▸ What the exercise asks: Nothing but the lines below from the one that contains "Anna-Kaci Lounge Women's" through the one that contains "충청남도 15개 시·군" should be retyped, exactly and including both ends. Do not include pictures.

▸ Extracted information:
- - - - - - -

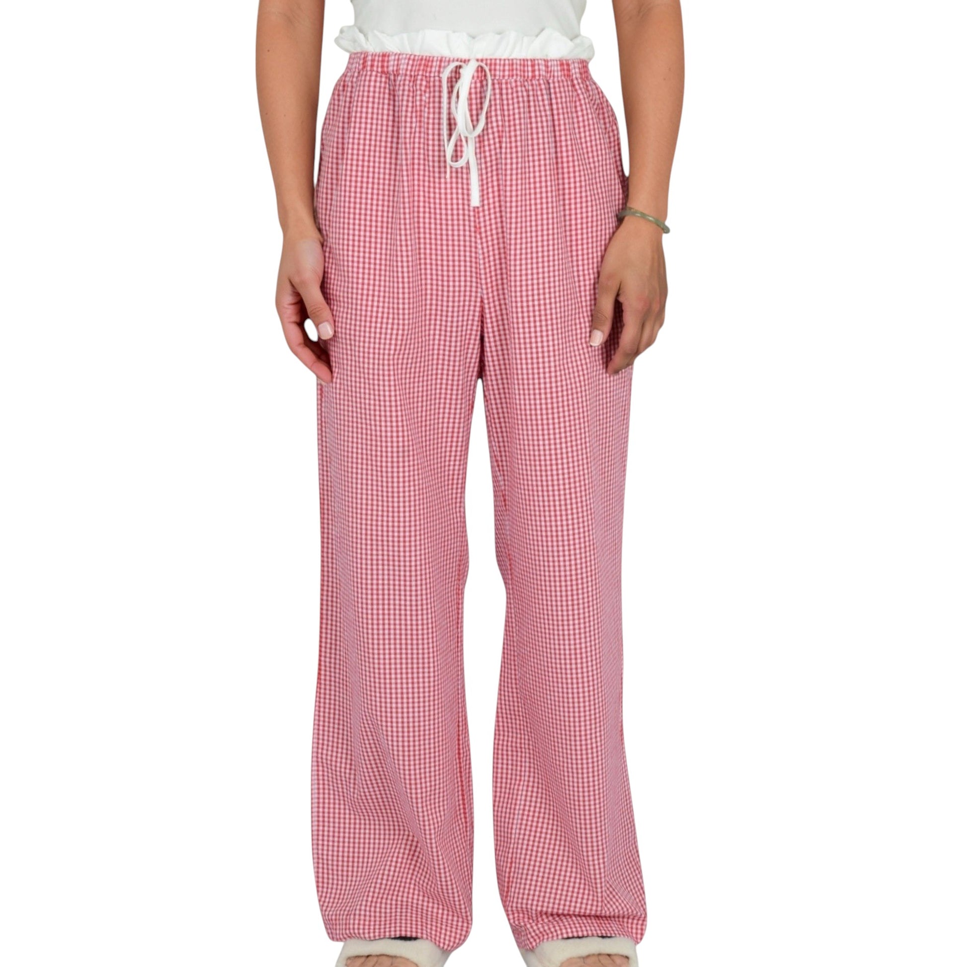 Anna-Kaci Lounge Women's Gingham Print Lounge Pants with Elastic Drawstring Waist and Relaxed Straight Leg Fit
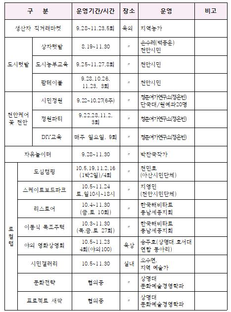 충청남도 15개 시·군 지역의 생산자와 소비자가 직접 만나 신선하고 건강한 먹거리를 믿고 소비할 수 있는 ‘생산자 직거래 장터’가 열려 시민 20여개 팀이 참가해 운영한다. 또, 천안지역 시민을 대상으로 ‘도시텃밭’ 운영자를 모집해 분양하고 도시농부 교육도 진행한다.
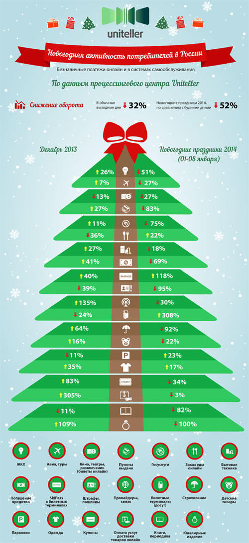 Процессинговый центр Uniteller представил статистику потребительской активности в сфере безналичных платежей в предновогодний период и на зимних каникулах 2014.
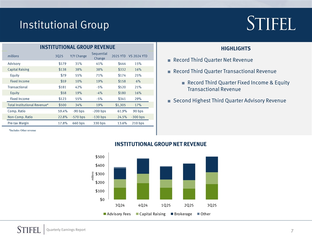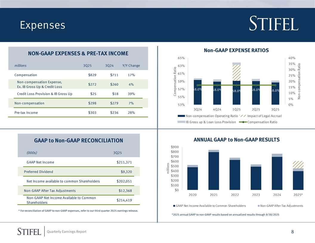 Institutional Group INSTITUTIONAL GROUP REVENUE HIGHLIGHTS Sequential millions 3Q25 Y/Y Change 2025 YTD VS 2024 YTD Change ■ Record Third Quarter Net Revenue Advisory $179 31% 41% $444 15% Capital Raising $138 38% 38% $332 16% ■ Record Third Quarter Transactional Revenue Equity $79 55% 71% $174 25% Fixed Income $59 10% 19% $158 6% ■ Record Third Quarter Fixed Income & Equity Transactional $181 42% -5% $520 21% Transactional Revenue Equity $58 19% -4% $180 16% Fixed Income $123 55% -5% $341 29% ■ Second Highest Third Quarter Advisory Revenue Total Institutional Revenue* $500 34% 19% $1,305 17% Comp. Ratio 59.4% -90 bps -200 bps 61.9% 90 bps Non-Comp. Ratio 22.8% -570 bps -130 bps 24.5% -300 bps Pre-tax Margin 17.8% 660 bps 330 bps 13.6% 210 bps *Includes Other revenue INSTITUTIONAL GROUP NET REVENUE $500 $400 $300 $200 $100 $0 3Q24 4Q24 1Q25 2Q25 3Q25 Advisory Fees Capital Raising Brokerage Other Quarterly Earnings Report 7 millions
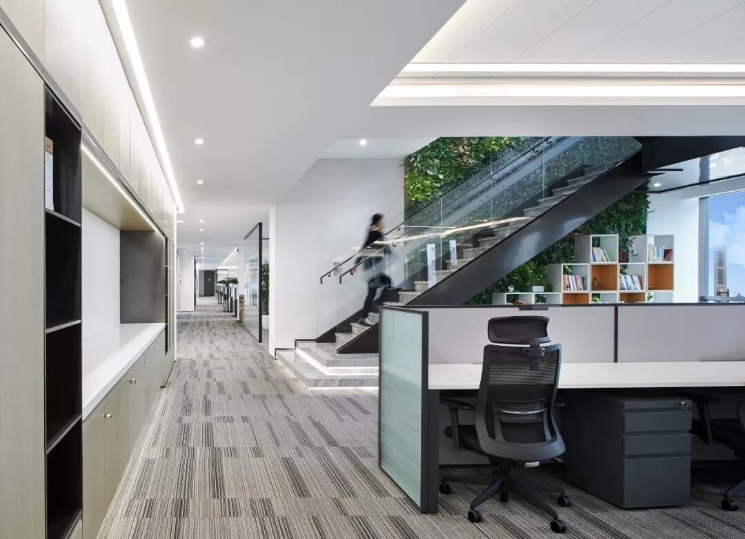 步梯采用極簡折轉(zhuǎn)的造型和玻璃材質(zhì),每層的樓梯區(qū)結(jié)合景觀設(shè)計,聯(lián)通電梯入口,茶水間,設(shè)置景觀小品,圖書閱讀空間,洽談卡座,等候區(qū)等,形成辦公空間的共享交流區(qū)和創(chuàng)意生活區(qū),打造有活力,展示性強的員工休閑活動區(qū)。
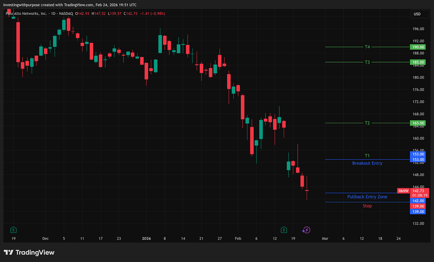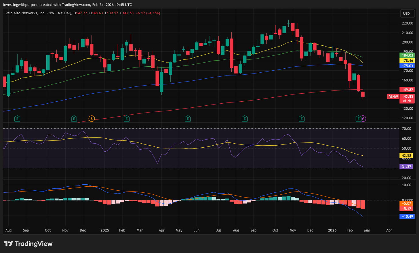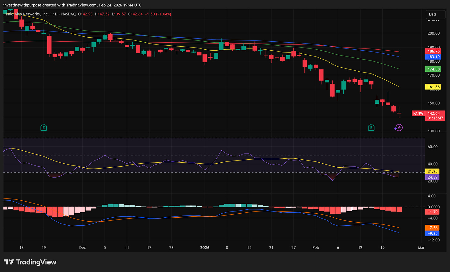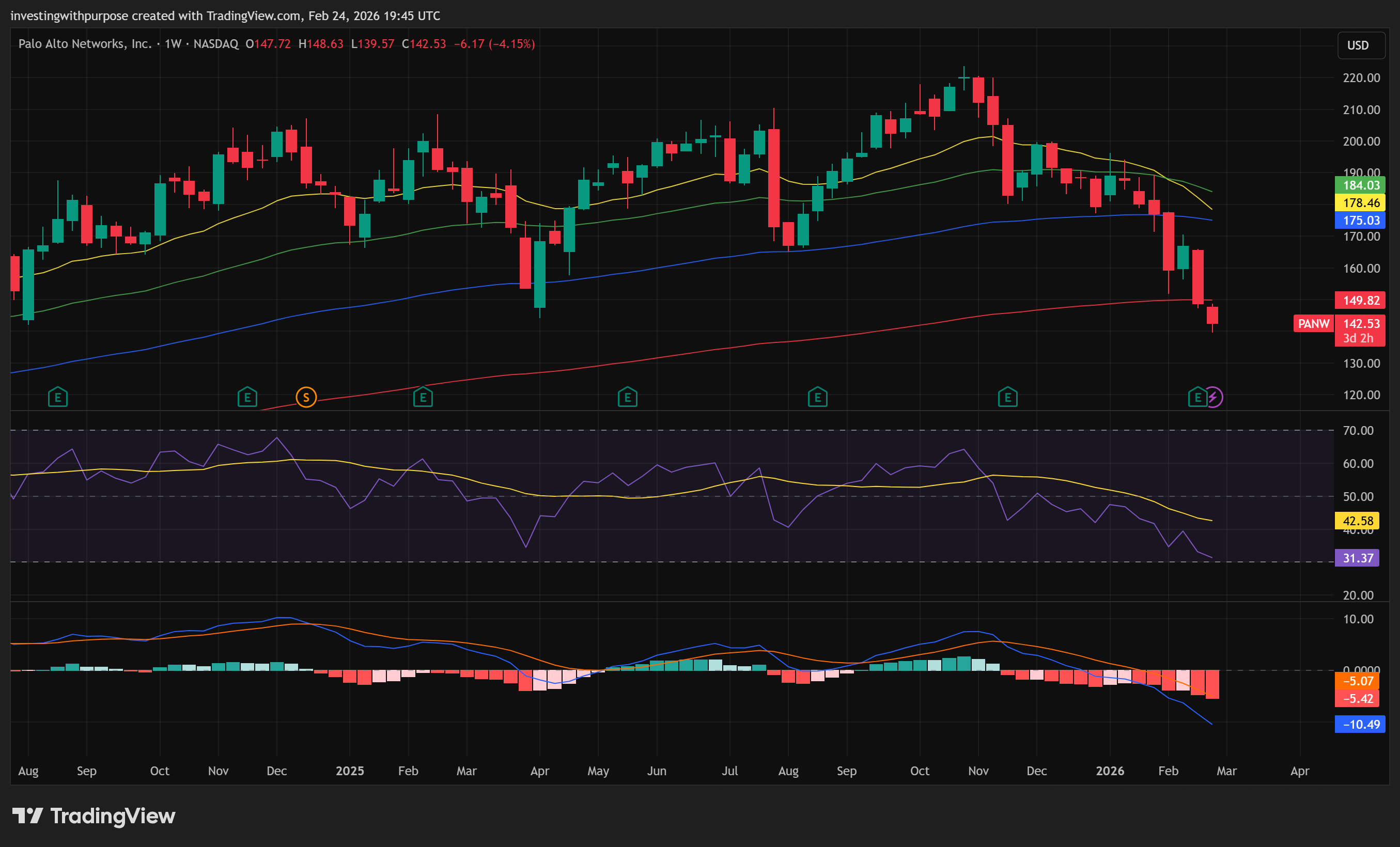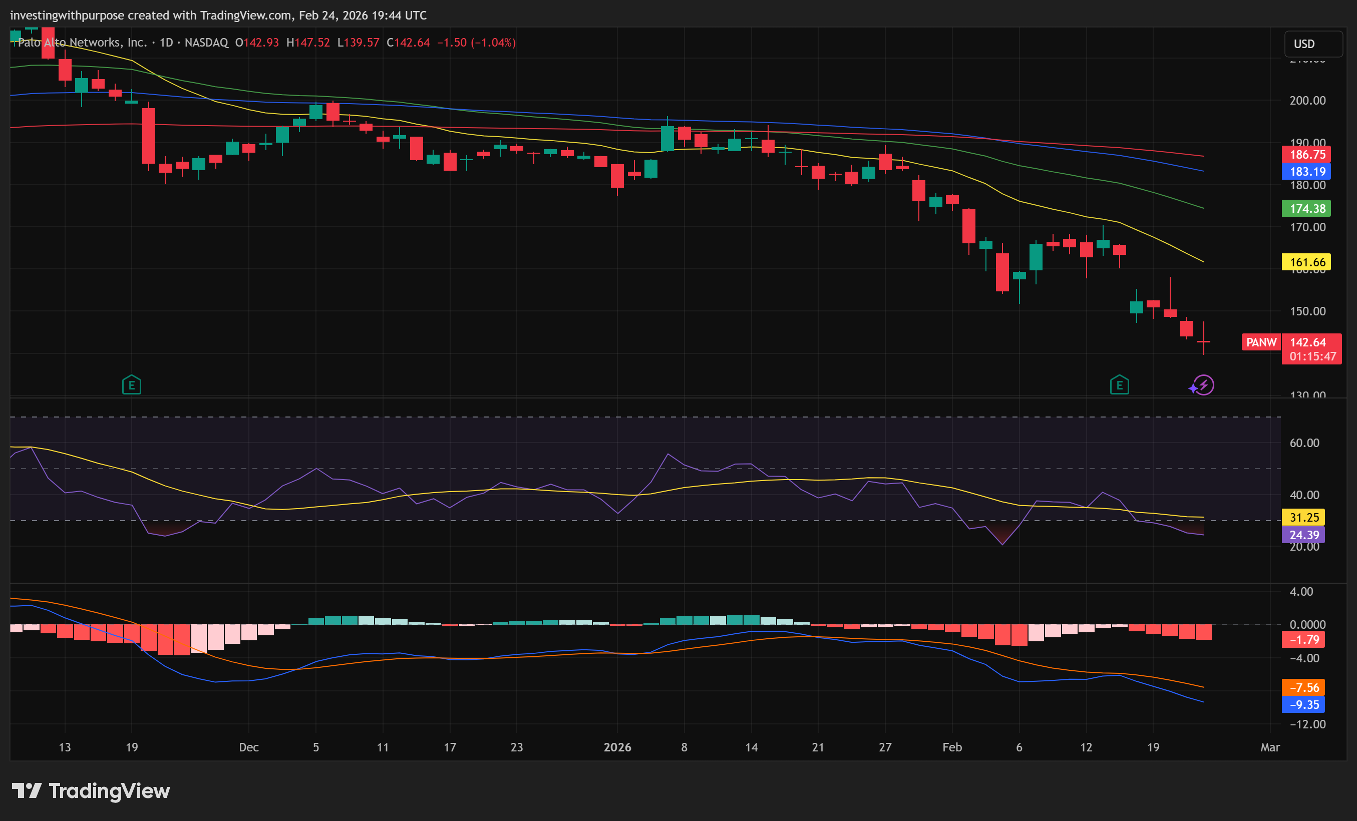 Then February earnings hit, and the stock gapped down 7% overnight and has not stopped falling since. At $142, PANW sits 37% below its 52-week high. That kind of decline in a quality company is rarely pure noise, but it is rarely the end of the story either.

- - - - - - -

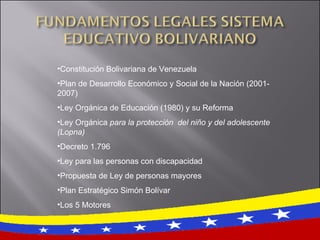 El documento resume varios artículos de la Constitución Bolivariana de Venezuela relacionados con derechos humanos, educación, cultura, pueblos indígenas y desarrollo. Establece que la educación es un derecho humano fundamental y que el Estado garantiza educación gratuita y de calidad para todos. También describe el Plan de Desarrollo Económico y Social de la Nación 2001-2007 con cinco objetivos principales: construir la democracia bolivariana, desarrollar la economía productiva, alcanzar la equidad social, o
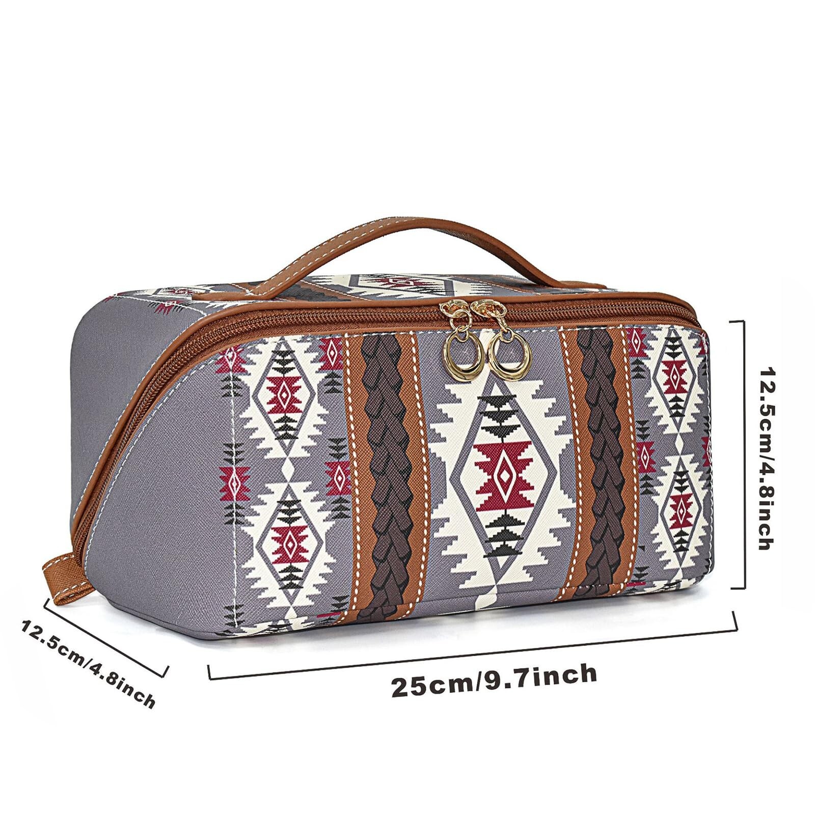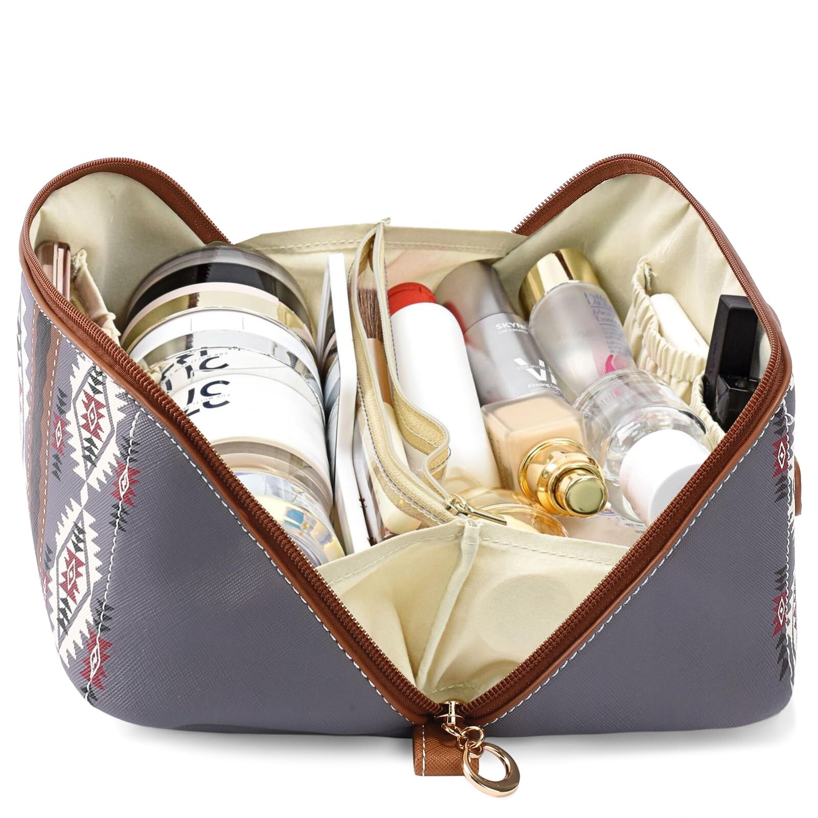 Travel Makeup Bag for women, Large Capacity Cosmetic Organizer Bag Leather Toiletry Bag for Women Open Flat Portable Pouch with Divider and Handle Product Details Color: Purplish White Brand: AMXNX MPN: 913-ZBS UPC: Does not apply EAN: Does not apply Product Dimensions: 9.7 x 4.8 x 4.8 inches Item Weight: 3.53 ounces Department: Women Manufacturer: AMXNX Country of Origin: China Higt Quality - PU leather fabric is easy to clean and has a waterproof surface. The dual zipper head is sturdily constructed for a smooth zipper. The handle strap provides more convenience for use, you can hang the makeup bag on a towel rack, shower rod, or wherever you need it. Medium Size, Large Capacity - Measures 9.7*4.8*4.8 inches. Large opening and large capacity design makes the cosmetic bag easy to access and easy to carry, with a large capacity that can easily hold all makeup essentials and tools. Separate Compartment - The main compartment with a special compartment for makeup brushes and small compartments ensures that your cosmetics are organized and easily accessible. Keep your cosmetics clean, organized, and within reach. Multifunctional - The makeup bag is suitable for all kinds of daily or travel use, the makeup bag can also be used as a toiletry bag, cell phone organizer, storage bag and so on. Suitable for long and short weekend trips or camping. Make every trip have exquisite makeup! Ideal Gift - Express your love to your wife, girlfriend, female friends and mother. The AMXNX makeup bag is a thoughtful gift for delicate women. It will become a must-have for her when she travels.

- - - - - - -

▸ Result for this exercise:
 Anna-Kaci Lounge Women's Gingham Print Lounge Pants with Elastic Drawstring Waist and Relaxed Straight Leg Fit
 충청남도 15개 시·군 지역의 생산자와 소비자가 직접 만나 신선하고 건강한 먹거리를 믿고 소비할 수 있는 ‘생산자 직거래 장터’가 열려 시민 20여개 팀이 참가해 운영한다. 또, 천안지역 시민을 대상으로 ‘도시텃밭’ 운영자를 모집해 분양하고 도시농부 교육도 진행한다.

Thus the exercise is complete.